▶ [Your task]:
This calls for a verbatim copy of all the data, with no images carried over.

#### Provided material

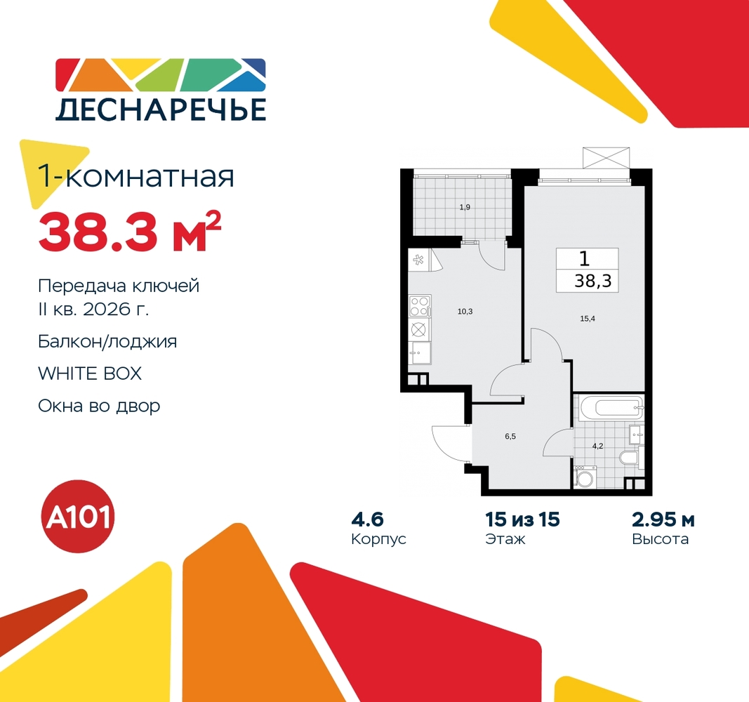 Продается однокомнатная квартира с отделкой в ЖК "Деснаречье" на 15 этаже. Общая площадь: 38.3 кв.м., жилая: 15.4 кв.м., площадь просторной кухни-столовой: 10.3 кв.м. Все окна выходят на одну сторону. В квартире одна лоджия, один совмещенный санузел. Высота потолков 2.95 м. Эта квартира будет сдана с дизайнеркой отделкой "под ключ". Специально для вас мы разработали несколько решений дизайнерской отделки. В отделке используются только современный высококлассные материалы, на все работы предоставляется гарантия. В таком случае вы оплачиваете отделку в сегодняшних ценах, а эту стоимость вы можете разнести в ипотечных платежах. Квартира находится в корпусе 4.6. Дом монолитный, одноподъездный, высотой 15 этажей. На этаже 10 квартир. В подъезде 1 пассажирский и 1 грузовой лифт. Начало строительства - 3 квартал 2023 года. Окончание строительства - 2 квартал 2026 года. Оформление сделки по договору долевого участия. Артикул квартиры по базе застройщика 88К-4.6-1443. Масштабный проект "Деснаречье" на юго-западе Москвы, который включает три новых района («квартала»), объединённые общей идеей – воплотить в реальность мечты современных жителей столицы об интересном, комфортном и разноплановом городском пространстве в окружении рек и лесов, словно сошедших с полотен русских живописцев: - «Берег» оценят все, кому близка водная стихия: плеск волн, солнечные блики и прогулки вдоль тихого течения речи. - «Лес» утопает в зелени парков и лесов. Здесь соблюдён идеальный баланс загородного спокойствия и столичного комфорта. - «Парк», самый энергичный и яркий, отличается высокой концентрацией пространств для спорта и творчества. Жилой комплекс "Деснаречье" расположится в 12 км от МКАД по современному Калужскому шоссе. Внешний облик зданий соответствует современному стилю и стандартам, характерным и для других популярных проектов ГК «А101»: сочетание контрастных тонов, большое количество остекления, в котором отражается небо, гармония с природным окружением. Весь город - в вашем районе. Находиться на территории «15-минутного города» значит иметь всё необходимое для полноценной жизни в шаговой доступности. Маршруты в районе «Деснаречье» выстроены так, чтобы добраться до магазинов, парков, школ, салонов услуг и других объектов можно было всего за несколько минут пешком или на велосипеде. Двор закрытый от машин – это тишина, комфорт и безопасность, поэтому все машино-места (включая «семейные» и увеличенные, с возможностью установки роллетных шкафов) находятся в подземном паркинге. В паркинги можно спуститься на лифте из любого подъезда или по лестнице. Рядом с «Деснаречьем» в 2027 году планируется открытие станции метро «Десна», до которой будет удобно добраться пешком или на велосипеде. Дорога на автомобиле до перехватывающих парковок станций «Ольховая» и «Прокшино» займёт около 10 минут. В процессе реализации проекта будут появляться новые маршруты общественного транспорта по районам. Уже сейчас на Калужском шоссе развита сеть наземного транспорта: два десятка автобусов и маршрутных такси прибывают на остановки с интервалом 5–10 минут. (AQID02264745)
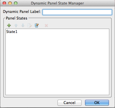 Двойной клик на панели вызывает окно управления динамической панелью Dynamic Panel State Manager. В этом окне можно дать название динамической панели, и определить их содержание в различных состояний.
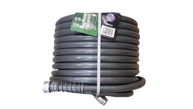 Keep your lawn, garden, and outdoor spaces hydrated with the Flexon 5/8 in. Dia x 150 ft. Supreme Duty Water Hose. Built for durability and performance, this heavy-duty garden hose is designed to handle tough watering tasks with ease. Its supreme-duty construction ensures long-lasting use, while the crush-resistant aluminum couplings provide a secure, leak-free connection. The 150-foot length offers extended reach, making it ideal for large yards, landscaping projects, and commercial applications.This kink-resistant hose maintains flexibility in various weather conditions, allowing for hassle-free maneuverability around trees, garden beds, and outdoor equipment. Whether you’re watering plants, washing vehicles, or tackling heavy-duty cleaning tasks, the Flexon Supreme Duty Water Hose delivers consistent water flow and reliable performance. Upgrade your watering routine with a hose designed for strength, flexibility, and convenience. Upgrade your outdoor watering experience with the Flexon 150 ft. Supreme Duty Water Hose-a perfect blend of strength, flexibility, and convenience!

########

▶ [Your response]:
 Продается однокомнатная квартира с отделкой в ЖК "Деснаречье" на 15 этаже. Общая площадь: 38.3 кв.м., жилая: 15.4 кв.м., площадь просторной кухни-столовой: 10.3 кв.м. Все окна выходят на одну сторону. В квартире одна лоджия, один совмещенный санузел. Высота потолков 2.95 м. Эта квартира будет сдана с дизайнеркой отделкой "под ключ". Специально для вас мы разработали несколько решений дизайнерской отделки. В отделке используются только современный высококлассные материалы, на все работы предоставляется гарантия. В таком случае вы оплачиваете отделку в сегодняшних ценах, а эту стоимость вы можете разнести в ипотечных платежах. Квартира находится в корпусе 4.6. Дом монолитный, одноподъездный, высотой 15 этажей. На этаже 10 квартир. В подъезде 1 пассажирский и 1 грузовой лифт. Начало строительства - 3 квартал 2023 года. Окончание строительства - 2 квартал 2026 года. Оформление сделки по договору долевого участия. Артикул квартиры по базе застройщика 88К-4.6-1443. Масштабный проект "Деснаречье" на юго-западе Москвы, который включает три новых района («квартала»), объединённые общей идеей – воплотить в реальность мечты современных жителей столицы об интересном, комфортном и разноплановом городском пространстве в окружении рек и лесов, словно сошедших с полотен русских живописцев: - «Берег» оценят все, кому близка водная стихия: плеск волн, солнечные блики и прогулки вдоль тихого течения речи. - «Лес» утопает в зелени парков и лесов. Здесь соблюдён идеальный баланс загородного спокойствия и столичного комфорта. - «Парк», самый энергичный и яркий, отличается высокой концентрацией пространств для спорта и творчества. Жилой комплекс "Деснаречье" расположится в 12 км от МКАД по современному Калужскому шоссе. Внешний облик зданий соответствует современному стилю и стандартам, характерным и для других популярных проектов ГК «А101»: сочетание контрастных тонов, большое количество остекления, в котором отражается небо, гармония с природным окружением. Весь город - в вашем районе. Находиться на территории «15-минутного города» значит иметь всё необходимое для полноценной жизни в шаговой доступности. Маршруты в районе «Деснаречье» выстроены так, чтобы добраться до магазинов, парков, школ, салонов услуг и других объектов можно было всего за несколько минут пешком или на велосипеде. Двор закрытый от машин – это тишина, комфорт и безопасность, поэтому все машино-места (включая «семейные» и увеличенные, с возможностью установки роллетных шкафов) находятся в подземном паркинге. В паркинги можно спуститься на лифте из любого подъезда или по лестнице. Рядом с «Деснаречьем» в 2027 году планируется открытие станции метро «Десна», до которой будет удобно добраться пешком или на велосипеде. Дорога на автомобиле до перехватывающих парковок станций «Ольховая» и «Прокшино» займёт около 10 минут. В процессе реализации проекта будут появляться новые маршруты общественного транспорта по районам. Уже сейчас на Калужском шоссе развита сеть наземного транспорта: два десятка автобусов и маршрутных такси прибывают на остановки с интервалом 5–10 минут. (AQID02264745)
 Двойной клик на панели вызывает окно управления динамической панелью Dynamic Panel State Manager. В этом окне можно дать название динамической панели, и определить их содержание в различных состояний.
 Keep your lawn, garden, and outdoor spaces hydrated with the Flexon 5/8 in. Dia x 150 ft. Supreme Duty Water Hose. Built for durability and performance, this heavy-duty garden hose is designed to handle tough watering tasks with ease. Its supreme-duty construction ensures long-lasting use, while the crush-resistant aluminum couplings provide a secure, leak-free connection. The 150-foot length offers extended reach, making it ideal for large yards, landscaping projects, and commercial applications.This kink-resistant hose maintains flexibility in various weather conditions, allowing for hassle-free maneuverability around trees, garden beds, and outdoor equipment. Whether you’re watering plants, washing vehicles, or tackling heavy-duty cleaning tasks, the Flexon Supreme Duty Water Hose delivers consistent water flow and reliable performance. Upgrade your watering routine with a hose designed for strength, flexibility, and convenience. Upgrade your outdoor watering experience with the Flexon 150 ft. Supreme Duty Water Hose-a perfect blend of strength, flexibility, and convenience!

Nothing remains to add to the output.